United States District Court, E.D. New York

January 2, 2020


          For Plaintiff: Christopher James Bowes, Esq. Law Office of Christopher James Bowes

          For Defendant: Matthew Mailloux, Esq. Paulina Stamatelos, Esq. United States Attorney's Office Eastern District of New York


          JOANNA SEYBERT, U.S.D.J.

         Plaintiff Audra Webster (“Plaintiff” or “Webster”) brings this action pursuant to Section 205(g) of the Social Security Act (42 U.S.C. § 405(g)), challenging the Commissioner of Social Security's denial of her application for disability insurance benefits. Presently pending before the Court are Plaintiff's motion for judgment on the pleadings, (Pl. Mot., D.E. 10), and the Commissioner's cross-motion for judgment on the pleadings, (Comm'r Mot., D.E. 13). For the following reasons, Plaintiff's motion is GRANTED and the Commissioner's cross-motion is DENIED.

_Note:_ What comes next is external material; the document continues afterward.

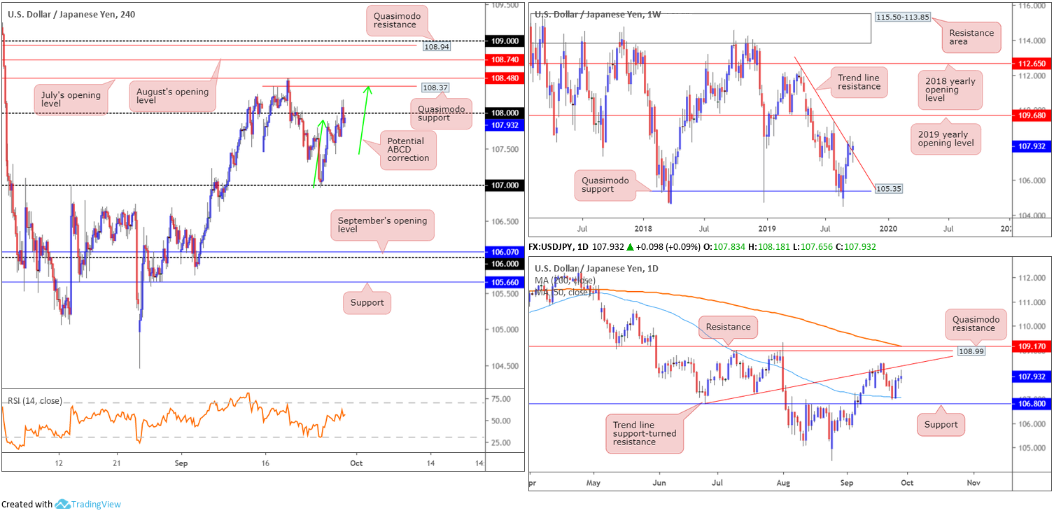 As underscored in Friday’s technical research, entry at 108.37 is an option, with a protective stop-loss order positioned either above July or August’s opening levels at 108.48 and 108.74, respectively, dependent on risk appetite. Downside expectation falls on a break back beneath 108: a cue to think about reducing risk to breakeven and liquidating a portion of the position.
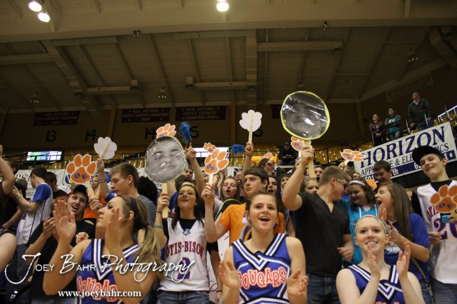 Otis-Bison Cougar fans cheer as the 2012 Class 1A Division II Boys State Championship Quarterfinals Game against the Greeley County Jackrabbits begins at Gross Memorial Coliseum at Fort Hays State University in Hays, Kansas on March 7, 2012. Photo: Joey Bahr

         Plaintiff applied for disability insurance benefits on December 31, 2014, alleging disability from May 23, 2014. (R. 10.) After her application was denied on July 22, 2015, Plaintiff requested a hearing before an administrative law judge (“ALJ”), which took place on October 16, 2017. (R. 10.) At the hearing, Plaintiff was represented by counsel, and she and a vocational expert testified. (R. 10.) On October 24, 2017, the ALJ issued her decision finding that Plaintiff was not disabled. (R. 10-21.) The Appeals Council denied Plaintiff's request for review and the ALJ's decision became the final decision of the Commissioner. (R. 1-3.) This action followed.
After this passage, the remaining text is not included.